ABOUT THIS TASK -> From the line containing "問い合わせ番号 Z-0919-7 |" down to the line containing "2025年【七下历史】单元测试卷第2单元辽宋夏金元时期(考点卷)" in the records below, reproduce every line exactly, ends included, and omit all others.

BEGIN

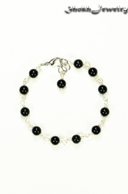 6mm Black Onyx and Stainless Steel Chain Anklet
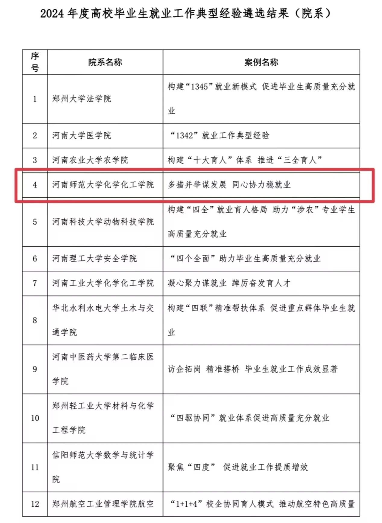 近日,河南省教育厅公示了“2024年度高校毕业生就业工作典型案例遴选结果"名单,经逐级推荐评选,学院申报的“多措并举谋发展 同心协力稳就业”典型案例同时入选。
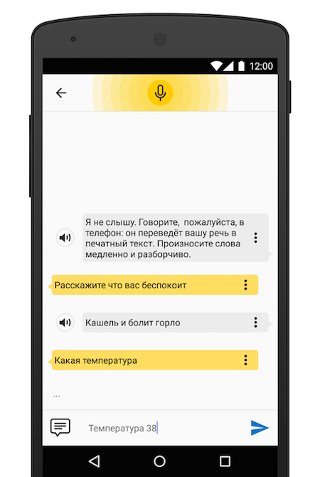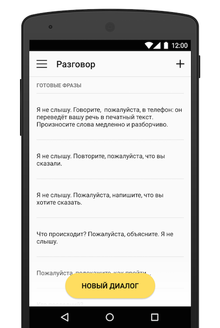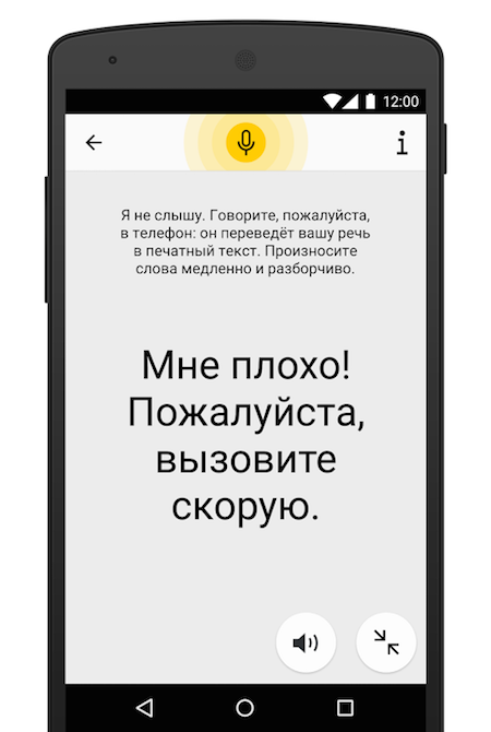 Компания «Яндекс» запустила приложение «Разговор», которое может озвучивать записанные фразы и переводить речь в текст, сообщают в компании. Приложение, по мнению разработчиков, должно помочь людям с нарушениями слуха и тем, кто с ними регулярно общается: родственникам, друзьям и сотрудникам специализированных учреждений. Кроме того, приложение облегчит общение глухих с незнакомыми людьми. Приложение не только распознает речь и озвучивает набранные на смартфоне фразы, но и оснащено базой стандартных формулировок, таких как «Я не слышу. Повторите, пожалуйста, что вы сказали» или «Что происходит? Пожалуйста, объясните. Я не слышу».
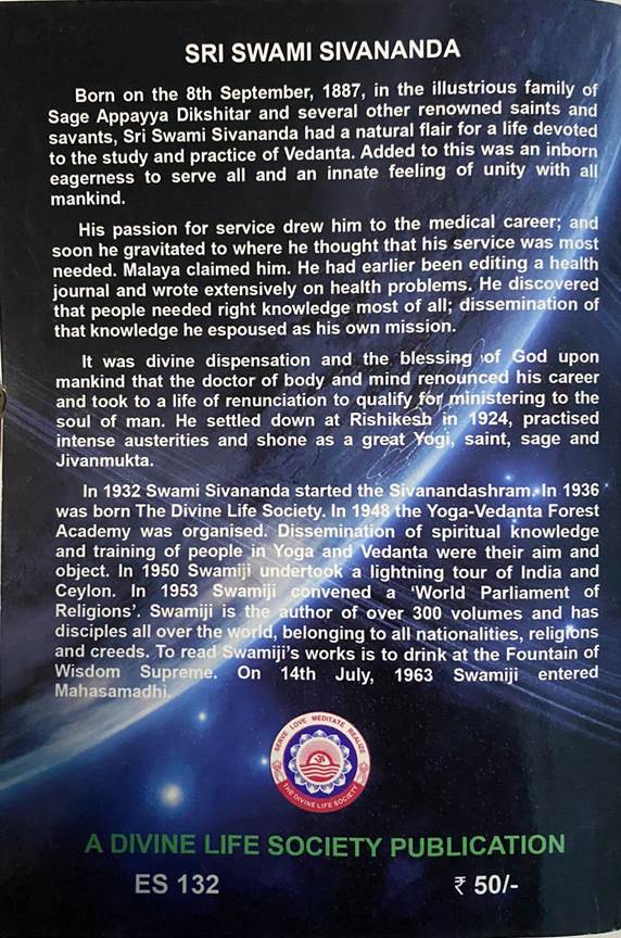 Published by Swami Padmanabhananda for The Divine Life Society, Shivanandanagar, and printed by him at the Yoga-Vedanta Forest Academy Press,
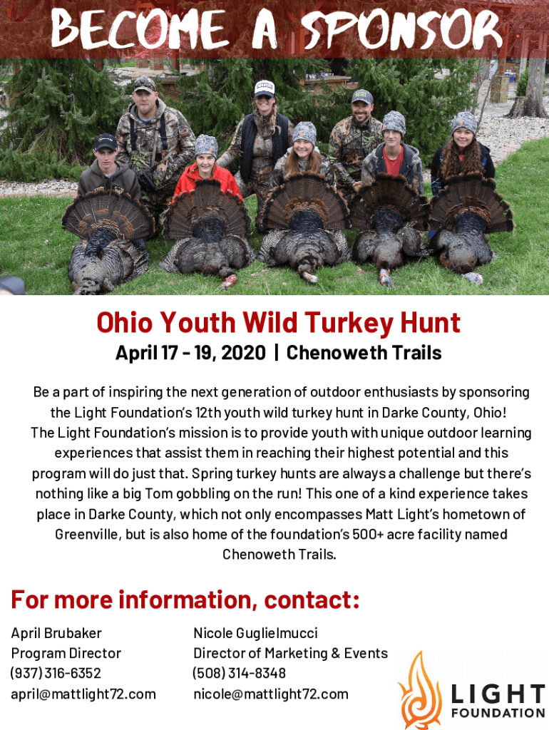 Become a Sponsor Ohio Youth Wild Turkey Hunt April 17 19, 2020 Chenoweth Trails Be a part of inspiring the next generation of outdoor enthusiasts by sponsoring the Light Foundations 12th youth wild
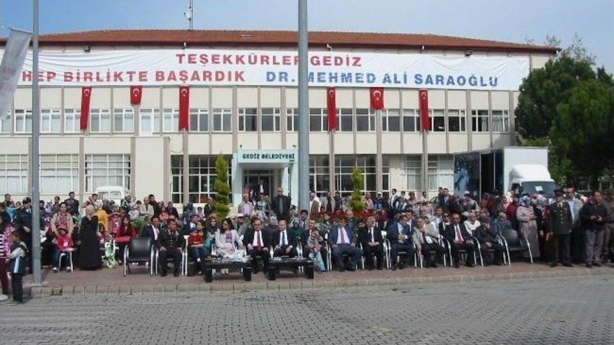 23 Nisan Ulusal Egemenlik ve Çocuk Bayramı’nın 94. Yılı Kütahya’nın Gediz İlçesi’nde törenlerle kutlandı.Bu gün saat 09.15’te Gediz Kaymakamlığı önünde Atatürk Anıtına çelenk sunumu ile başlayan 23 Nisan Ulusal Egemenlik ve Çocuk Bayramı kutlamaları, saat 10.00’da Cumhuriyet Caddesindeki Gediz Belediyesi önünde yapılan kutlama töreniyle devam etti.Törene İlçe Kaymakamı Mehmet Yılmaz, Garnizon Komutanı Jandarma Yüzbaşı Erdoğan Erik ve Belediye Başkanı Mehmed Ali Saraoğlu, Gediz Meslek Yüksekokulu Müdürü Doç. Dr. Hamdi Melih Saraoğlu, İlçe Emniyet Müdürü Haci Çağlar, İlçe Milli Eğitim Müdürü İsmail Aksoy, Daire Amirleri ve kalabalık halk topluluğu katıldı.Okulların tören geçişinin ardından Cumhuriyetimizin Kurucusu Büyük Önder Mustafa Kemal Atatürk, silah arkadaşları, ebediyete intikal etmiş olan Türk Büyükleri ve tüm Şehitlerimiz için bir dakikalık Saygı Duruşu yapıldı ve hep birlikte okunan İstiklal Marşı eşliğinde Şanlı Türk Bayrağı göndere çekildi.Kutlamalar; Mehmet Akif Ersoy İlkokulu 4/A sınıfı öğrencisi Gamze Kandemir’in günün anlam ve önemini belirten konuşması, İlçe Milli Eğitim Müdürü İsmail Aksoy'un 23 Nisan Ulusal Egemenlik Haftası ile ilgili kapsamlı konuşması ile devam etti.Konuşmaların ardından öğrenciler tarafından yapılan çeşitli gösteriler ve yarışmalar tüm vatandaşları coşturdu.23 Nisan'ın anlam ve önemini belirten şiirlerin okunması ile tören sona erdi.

END
BEGIN

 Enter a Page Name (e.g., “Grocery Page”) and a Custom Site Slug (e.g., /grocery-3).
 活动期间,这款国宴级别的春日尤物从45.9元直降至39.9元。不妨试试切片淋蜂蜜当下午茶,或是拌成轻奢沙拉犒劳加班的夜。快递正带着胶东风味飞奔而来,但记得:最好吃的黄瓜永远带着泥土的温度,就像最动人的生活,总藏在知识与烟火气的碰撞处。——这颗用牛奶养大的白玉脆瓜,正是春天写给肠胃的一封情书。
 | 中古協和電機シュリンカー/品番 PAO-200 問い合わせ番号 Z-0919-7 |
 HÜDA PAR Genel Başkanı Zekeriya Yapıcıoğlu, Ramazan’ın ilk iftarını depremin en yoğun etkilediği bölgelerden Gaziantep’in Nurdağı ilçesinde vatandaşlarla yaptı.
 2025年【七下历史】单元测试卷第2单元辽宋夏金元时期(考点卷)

END
BEGIN

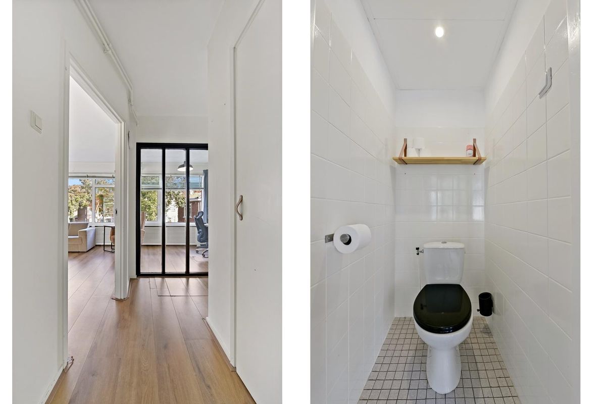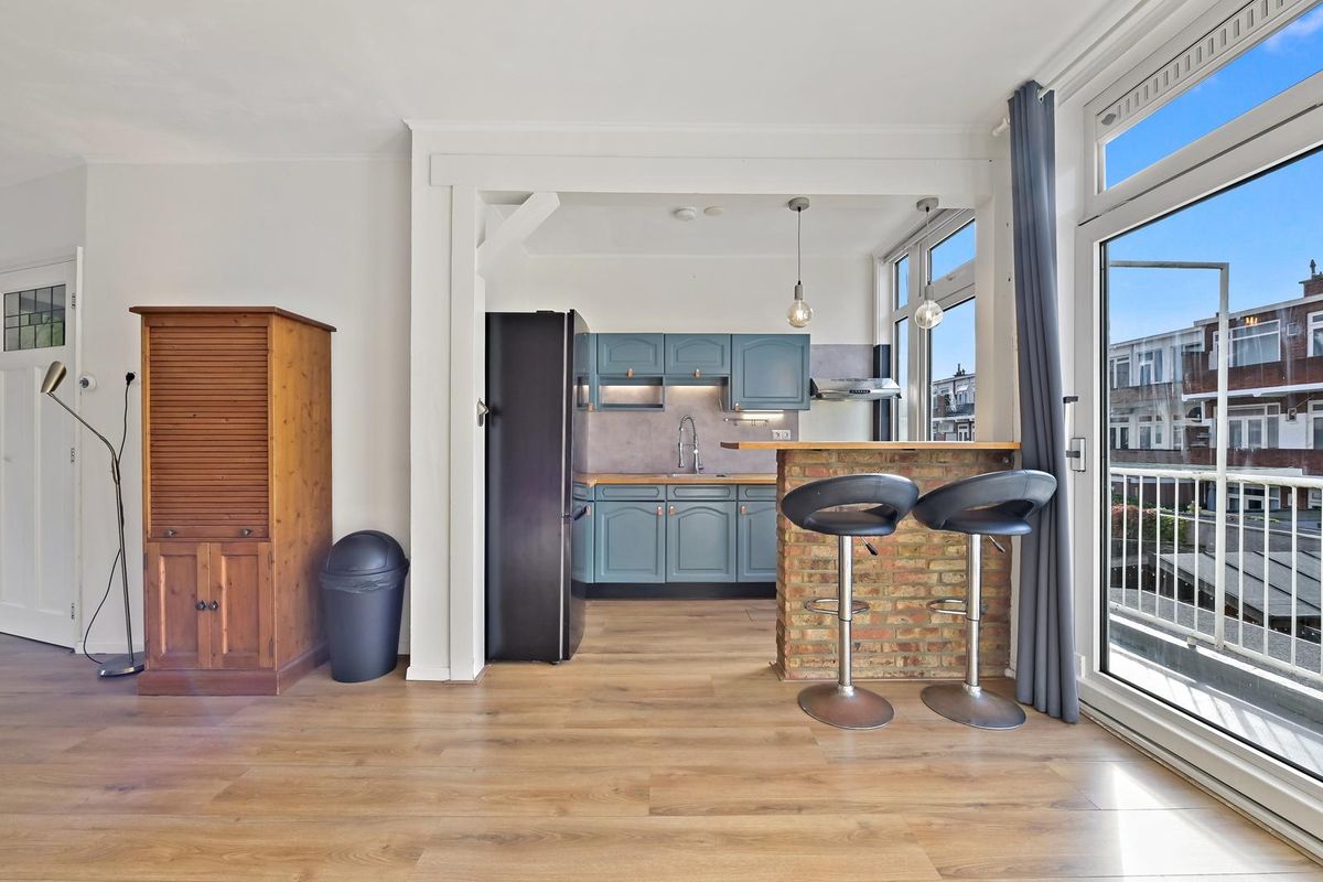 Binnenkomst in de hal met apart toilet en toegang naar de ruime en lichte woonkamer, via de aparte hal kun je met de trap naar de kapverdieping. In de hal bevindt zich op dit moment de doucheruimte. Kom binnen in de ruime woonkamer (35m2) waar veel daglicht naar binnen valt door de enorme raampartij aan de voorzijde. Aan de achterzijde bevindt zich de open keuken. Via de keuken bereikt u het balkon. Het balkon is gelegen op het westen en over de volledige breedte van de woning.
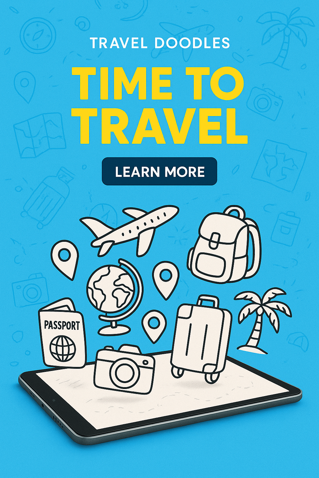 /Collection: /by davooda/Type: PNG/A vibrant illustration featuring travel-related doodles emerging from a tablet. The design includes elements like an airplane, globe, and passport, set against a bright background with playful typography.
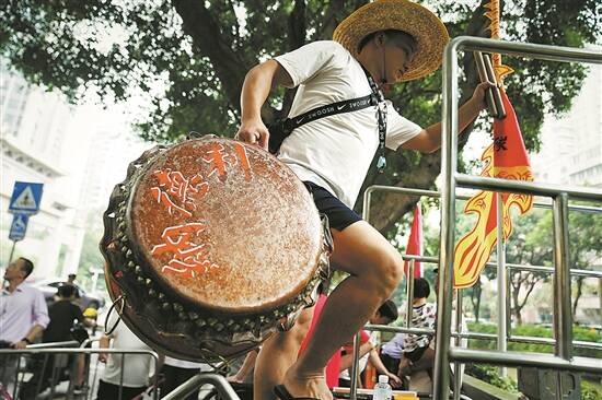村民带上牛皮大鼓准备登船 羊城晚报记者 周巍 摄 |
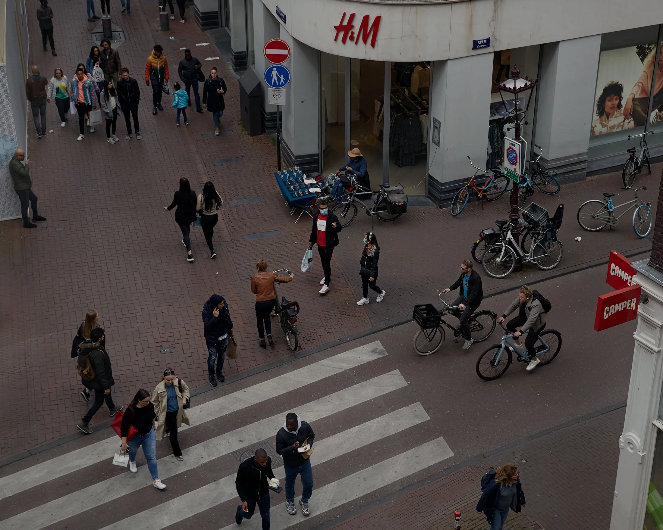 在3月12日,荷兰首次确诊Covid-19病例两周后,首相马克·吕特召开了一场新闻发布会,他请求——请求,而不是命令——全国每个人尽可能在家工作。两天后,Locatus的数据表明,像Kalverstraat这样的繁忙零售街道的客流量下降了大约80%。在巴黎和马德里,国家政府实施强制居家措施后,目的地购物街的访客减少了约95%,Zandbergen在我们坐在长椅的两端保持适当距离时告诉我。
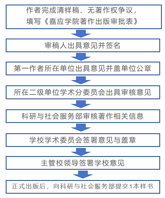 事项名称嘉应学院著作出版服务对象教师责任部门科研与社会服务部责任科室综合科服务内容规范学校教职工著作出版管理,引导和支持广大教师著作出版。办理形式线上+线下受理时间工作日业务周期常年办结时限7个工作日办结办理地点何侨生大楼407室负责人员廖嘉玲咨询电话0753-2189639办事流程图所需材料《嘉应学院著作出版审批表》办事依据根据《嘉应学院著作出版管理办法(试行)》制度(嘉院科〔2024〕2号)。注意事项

END

OUTPUT FOR THIS TASK ->
 | 中古協和電機シュリンカー/品番 PAO-200 問い合わせ番号 Z-0919-7 |
 HÜDA PAR Genel Başkanı Zekeriya Yapıcıoğlu, Ramazan’ın ilk iftarını depremin en yoğun etkilediği bölgelerden Gaziantep’in Nurdağı ilçesinde vatandaşlarla yaptı.
 2025年【七下历史】单元测试卷第2单元辽宋夏金元时期(考点卷)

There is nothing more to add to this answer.